What to work on: After finding the line containing "Representado como jacaré, Bolsonaro" below, please output that line and each following one through the line containing "今日は雨はあがっているのですが、運動場のコンディションが悪いので放送朝会でした。", exactly as written.

Data for review:

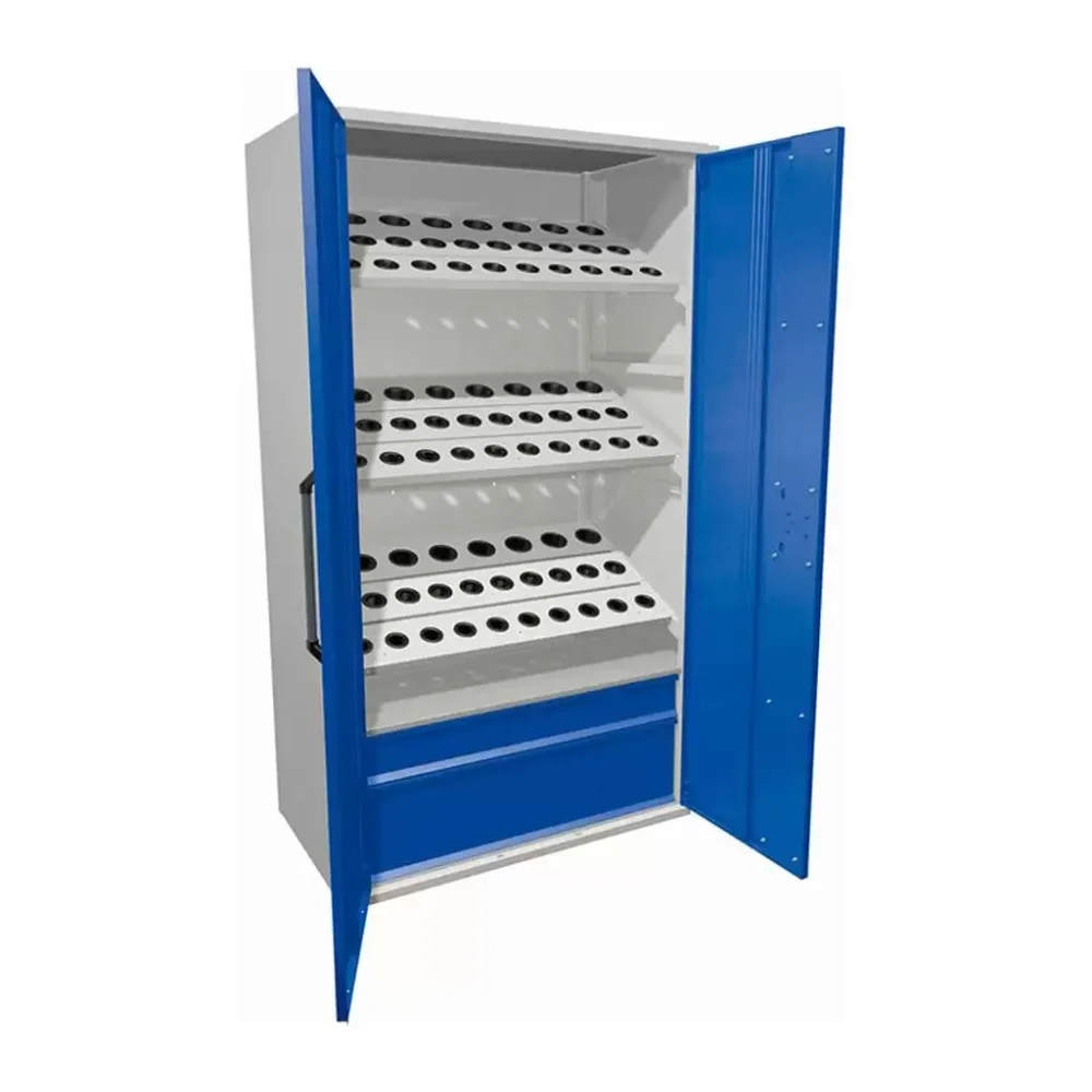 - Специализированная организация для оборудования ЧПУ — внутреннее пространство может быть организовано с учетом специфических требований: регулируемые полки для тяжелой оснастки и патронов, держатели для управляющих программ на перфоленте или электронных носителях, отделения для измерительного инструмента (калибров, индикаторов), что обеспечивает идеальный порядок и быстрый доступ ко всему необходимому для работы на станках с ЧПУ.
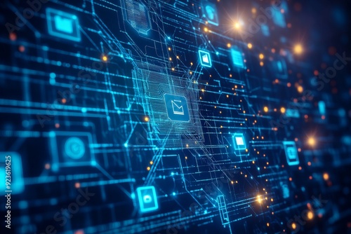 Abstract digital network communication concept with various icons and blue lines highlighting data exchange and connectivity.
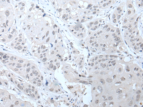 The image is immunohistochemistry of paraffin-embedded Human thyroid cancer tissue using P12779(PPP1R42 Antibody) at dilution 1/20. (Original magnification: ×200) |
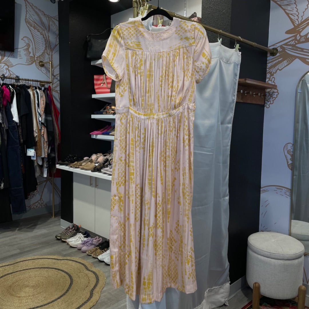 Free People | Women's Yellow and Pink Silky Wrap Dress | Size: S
...
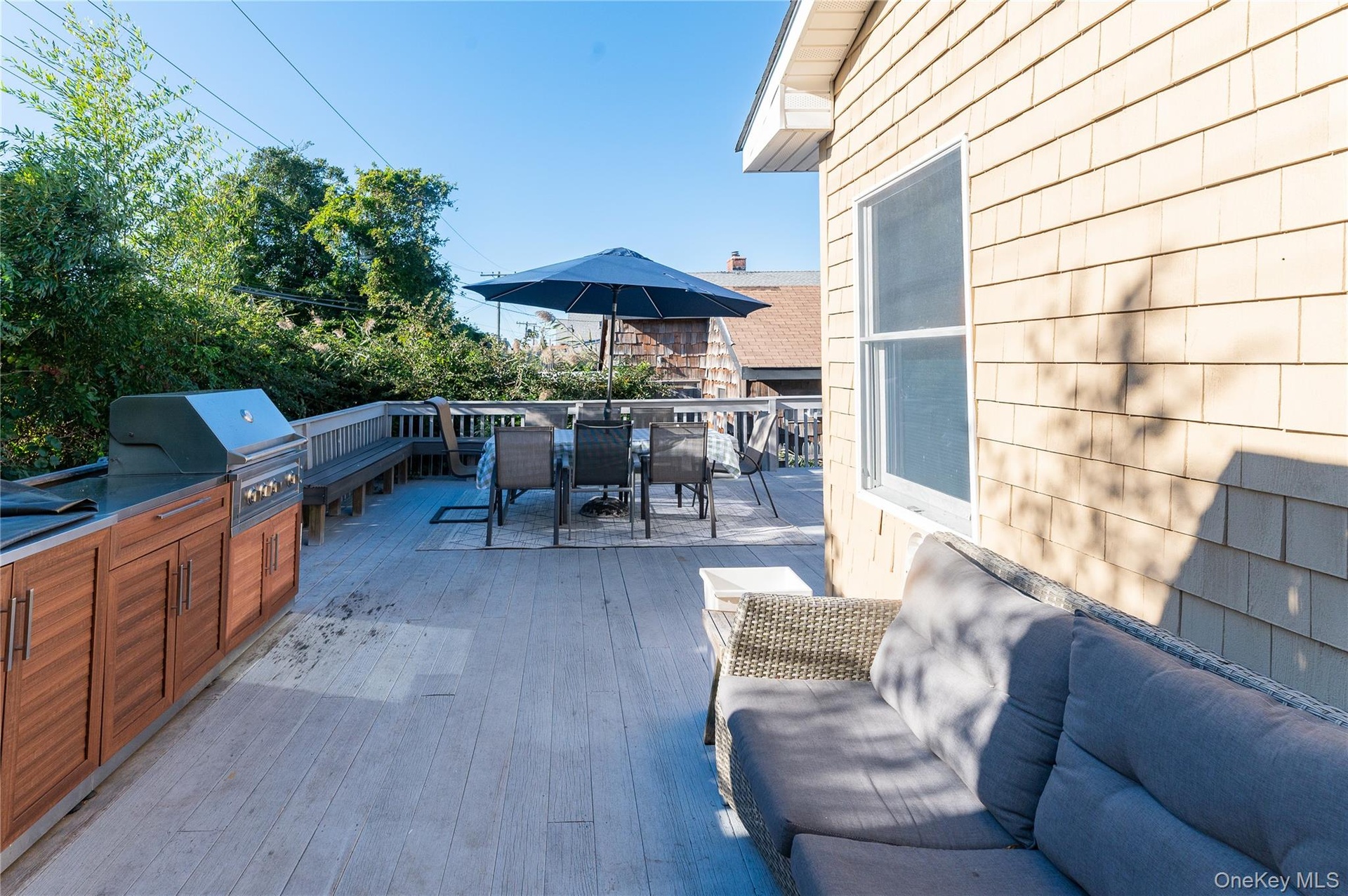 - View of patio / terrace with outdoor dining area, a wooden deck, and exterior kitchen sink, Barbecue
---
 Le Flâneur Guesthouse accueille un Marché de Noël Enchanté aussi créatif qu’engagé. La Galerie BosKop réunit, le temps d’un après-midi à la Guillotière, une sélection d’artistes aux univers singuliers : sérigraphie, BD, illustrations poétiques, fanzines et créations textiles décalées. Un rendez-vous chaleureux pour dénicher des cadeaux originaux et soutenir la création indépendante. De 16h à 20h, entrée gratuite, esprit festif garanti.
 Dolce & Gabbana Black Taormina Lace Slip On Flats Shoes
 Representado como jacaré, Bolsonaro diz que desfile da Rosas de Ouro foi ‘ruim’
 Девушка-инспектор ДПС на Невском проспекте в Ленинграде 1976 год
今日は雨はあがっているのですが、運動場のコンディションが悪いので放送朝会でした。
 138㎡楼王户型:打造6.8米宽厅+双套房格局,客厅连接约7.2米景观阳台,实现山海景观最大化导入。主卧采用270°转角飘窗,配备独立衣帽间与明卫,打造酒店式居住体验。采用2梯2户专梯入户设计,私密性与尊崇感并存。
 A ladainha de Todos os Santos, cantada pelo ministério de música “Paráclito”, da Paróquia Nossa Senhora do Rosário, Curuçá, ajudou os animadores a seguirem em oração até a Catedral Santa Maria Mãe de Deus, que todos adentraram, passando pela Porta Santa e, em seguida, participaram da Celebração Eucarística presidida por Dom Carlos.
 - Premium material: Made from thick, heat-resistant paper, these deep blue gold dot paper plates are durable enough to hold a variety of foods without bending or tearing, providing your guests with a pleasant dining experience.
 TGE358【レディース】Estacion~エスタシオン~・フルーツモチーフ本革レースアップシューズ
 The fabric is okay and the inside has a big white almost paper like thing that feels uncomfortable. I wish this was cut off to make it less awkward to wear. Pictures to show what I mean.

Exercise output:
 Representado como jacaré, Bolsonaro diz que desfile da Rosas de Ouro foi ‘ruim’
 Девушка-инспектор ДПС на Невском проспекте в Ленинграде 1976 год
今日は雨はあがっているのですが、運動場のコンディションが悪いので放送朝会でした。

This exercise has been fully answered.